Category Archives: Introductions

Developing Research Data Management Policy

This is Jonathan Tedds (@jtedds): Senior Research Liaison Manager for IT Services; researcher in astronomy and research data management at the University of Leicester. By way of a first blog post proper here in JISCMRD Towers I want to introduce the increasingly higher profile area of Research Data Management (RDM) policy and why it’s rapidly moving from desirable to essential.

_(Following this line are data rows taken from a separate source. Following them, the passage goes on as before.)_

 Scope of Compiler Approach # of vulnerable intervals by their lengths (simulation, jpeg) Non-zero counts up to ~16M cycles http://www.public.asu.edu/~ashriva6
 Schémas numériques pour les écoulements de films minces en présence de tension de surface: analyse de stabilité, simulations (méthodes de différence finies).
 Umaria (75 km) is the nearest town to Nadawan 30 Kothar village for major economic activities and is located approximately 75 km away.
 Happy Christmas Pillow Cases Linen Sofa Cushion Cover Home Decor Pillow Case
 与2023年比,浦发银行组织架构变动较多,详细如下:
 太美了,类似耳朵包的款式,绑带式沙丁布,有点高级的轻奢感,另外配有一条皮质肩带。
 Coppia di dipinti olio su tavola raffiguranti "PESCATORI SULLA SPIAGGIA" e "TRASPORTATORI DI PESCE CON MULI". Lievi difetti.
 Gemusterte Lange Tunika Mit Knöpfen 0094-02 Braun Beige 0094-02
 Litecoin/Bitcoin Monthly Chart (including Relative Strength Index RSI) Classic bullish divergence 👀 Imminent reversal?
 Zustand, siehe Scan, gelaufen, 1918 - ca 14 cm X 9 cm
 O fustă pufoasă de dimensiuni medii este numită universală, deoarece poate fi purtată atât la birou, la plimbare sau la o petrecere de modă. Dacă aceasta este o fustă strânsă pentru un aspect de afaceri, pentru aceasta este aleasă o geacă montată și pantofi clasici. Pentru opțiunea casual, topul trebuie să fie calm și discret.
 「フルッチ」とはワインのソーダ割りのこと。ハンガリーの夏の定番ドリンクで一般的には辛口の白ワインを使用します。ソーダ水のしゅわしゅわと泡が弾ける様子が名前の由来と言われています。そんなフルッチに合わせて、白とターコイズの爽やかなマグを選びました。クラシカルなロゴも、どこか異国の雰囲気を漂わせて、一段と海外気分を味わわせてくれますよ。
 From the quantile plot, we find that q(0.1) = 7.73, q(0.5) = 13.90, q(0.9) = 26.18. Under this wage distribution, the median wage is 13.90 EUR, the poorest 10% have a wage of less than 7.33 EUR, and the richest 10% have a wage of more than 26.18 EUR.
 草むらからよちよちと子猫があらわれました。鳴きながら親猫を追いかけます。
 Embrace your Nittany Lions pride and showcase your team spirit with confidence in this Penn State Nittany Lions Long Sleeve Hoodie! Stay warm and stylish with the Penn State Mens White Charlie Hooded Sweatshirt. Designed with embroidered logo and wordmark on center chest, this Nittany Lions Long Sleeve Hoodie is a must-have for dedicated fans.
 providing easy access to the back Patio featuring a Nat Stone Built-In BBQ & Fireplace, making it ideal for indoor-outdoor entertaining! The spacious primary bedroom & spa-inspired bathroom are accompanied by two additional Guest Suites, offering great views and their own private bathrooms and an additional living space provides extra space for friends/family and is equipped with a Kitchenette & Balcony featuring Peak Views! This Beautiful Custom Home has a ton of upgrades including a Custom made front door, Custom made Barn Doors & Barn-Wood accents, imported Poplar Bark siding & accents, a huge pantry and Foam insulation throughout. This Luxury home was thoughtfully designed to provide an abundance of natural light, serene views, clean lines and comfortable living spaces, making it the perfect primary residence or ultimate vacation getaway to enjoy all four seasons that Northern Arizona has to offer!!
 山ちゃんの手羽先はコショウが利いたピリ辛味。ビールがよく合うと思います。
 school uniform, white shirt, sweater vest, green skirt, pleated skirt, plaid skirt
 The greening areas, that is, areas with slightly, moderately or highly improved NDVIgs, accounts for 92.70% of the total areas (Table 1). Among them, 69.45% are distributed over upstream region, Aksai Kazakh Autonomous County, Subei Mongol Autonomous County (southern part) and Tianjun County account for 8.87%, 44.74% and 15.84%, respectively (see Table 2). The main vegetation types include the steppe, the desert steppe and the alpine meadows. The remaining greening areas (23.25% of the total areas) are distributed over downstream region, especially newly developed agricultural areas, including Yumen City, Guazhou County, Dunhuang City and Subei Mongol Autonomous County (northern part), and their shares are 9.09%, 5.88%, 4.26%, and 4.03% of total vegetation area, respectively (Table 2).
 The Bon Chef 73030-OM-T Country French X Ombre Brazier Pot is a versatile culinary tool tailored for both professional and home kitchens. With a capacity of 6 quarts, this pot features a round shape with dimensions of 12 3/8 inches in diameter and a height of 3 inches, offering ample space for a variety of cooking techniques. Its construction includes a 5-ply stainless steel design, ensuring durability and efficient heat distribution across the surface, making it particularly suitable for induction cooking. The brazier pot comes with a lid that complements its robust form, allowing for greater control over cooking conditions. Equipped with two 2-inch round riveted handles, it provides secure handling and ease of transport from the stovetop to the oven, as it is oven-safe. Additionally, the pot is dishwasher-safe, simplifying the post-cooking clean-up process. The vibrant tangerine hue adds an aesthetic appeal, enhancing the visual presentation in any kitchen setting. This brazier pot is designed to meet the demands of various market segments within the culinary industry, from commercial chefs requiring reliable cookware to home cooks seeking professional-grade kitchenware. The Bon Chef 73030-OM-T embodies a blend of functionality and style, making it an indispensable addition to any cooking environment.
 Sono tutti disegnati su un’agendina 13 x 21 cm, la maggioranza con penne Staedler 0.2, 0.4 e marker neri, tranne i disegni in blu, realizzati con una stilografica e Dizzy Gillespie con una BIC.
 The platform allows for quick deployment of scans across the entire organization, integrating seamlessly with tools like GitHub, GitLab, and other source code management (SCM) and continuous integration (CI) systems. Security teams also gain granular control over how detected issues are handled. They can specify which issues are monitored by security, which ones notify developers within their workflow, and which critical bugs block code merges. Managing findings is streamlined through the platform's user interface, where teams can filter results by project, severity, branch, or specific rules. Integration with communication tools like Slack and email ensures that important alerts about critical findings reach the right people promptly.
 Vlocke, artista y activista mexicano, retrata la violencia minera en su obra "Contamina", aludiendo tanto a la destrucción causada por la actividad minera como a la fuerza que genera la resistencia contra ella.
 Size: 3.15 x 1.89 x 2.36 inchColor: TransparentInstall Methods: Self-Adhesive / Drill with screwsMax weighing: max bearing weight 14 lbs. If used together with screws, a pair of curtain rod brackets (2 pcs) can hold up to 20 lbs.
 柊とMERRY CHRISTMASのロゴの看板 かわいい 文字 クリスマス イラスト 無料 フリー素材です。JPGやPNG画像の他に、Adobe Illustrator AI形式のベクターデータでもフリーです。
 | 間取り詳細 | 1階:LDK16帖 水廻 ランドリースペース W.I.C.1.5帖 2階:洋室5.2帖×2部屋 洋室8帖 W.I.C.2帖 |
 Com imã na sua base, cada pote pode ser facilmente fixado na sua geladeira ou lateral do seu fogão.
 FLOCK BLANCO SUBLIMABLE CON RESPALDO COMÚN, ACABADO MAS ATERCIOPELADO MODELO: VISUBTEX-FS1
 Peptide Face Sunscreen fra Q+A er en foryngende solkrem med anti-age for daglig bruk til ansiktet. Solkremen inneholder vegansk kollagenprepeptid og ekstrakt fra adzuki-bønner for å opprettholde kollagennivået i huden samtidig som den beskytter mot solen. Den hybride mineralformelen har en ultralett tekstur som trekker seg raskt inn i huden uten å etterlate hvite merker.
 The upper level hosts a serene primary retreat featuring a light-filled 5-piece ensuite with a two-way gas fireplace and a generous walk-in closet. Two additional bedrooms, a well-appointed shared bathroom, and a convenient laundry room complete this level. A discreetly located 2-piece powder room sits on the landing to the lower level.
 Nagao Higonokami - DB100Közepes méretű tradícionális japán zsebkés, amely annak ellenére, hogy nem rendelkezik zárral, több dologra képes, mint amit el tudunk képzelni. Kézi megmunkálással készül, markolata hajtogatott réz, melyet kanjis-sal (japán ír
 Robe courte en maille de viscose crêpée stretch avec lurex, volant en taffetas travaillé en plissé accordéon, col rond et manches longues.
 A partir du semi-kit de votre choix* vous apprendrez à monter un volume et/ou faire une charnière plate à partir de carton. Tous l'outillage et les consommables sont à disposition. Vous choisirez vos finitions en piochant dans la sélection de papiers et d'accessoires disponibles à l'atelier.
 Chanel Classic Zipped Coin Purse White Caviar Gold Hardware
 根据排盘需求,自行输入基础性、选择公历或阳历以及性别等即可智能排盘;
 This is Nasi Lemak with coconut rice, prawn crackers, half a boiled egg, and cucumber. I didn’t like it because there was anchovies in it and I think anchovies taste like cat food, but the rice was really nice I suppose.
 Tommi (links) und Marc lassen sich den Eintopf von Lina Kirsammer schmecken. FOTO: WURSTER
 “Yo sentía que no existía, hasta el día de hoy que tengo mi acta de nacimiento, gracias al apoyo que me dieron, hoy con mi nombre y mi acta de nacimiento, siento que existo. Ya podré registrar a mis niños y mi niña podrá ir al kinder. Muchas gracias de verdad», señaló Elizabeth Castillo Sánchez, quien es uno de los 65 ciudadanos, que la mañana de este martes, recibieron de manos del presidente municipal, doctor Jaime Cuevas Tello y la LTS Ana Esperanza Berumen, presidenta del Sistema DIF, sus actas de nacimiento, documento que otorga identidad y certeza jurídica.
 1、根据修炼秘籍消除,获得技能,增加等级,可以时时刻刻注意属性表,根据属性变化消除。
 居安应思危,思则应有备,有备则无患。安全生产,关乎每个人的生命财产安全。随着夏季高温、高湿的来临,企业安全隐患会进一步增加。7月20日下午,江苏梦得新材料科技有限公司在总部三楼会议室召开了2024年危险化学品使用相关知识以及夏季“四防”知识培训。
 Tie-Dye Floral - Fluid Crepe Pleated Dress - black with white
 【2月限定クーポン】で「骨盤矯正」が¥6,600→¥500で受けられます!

Following the agreement by the RCUK umbrella body of research funders on common data principles for making research data reusable – data as a public good – and similar moves by larger charitable trusts such as Wellcome, funders have then batted the ball back to institutions and said deal with it! The EPSRC in particular requires that institutions in receipt of grant funding establish a clear roadmap to align their policies and processes with EPSRC’s expectations by 1st May 2012, and are fully compliant with these expectations by 1st May 2015 – yes, you did read that correctly, that’s a roadmap by this May! Sarah Jones of the Digital Curation Centre (DCC) has just blogged about this following a refreshed look at this area during the very well attended recent DCC Roadshow at Loughborough in February 2012.

Of course there are many other reasons why any institution that it is serious about research should be investing in the support of RDM and Angus Whyte and I recently co-authored a DCC Briefing on making the case for research data management which sets the national and international context as well as describing the experiences in the last 3 years at the University of Leicester. As a consequence institutions (and more specifically those held accountable for supporting researchers) are now realising, if they didn’t already, that they need to plan for research data management infrastructure on the ground across the entire research data lifecycle. Crucially they will also need high level policy at the institutional level to make this a reality. So how to go about it?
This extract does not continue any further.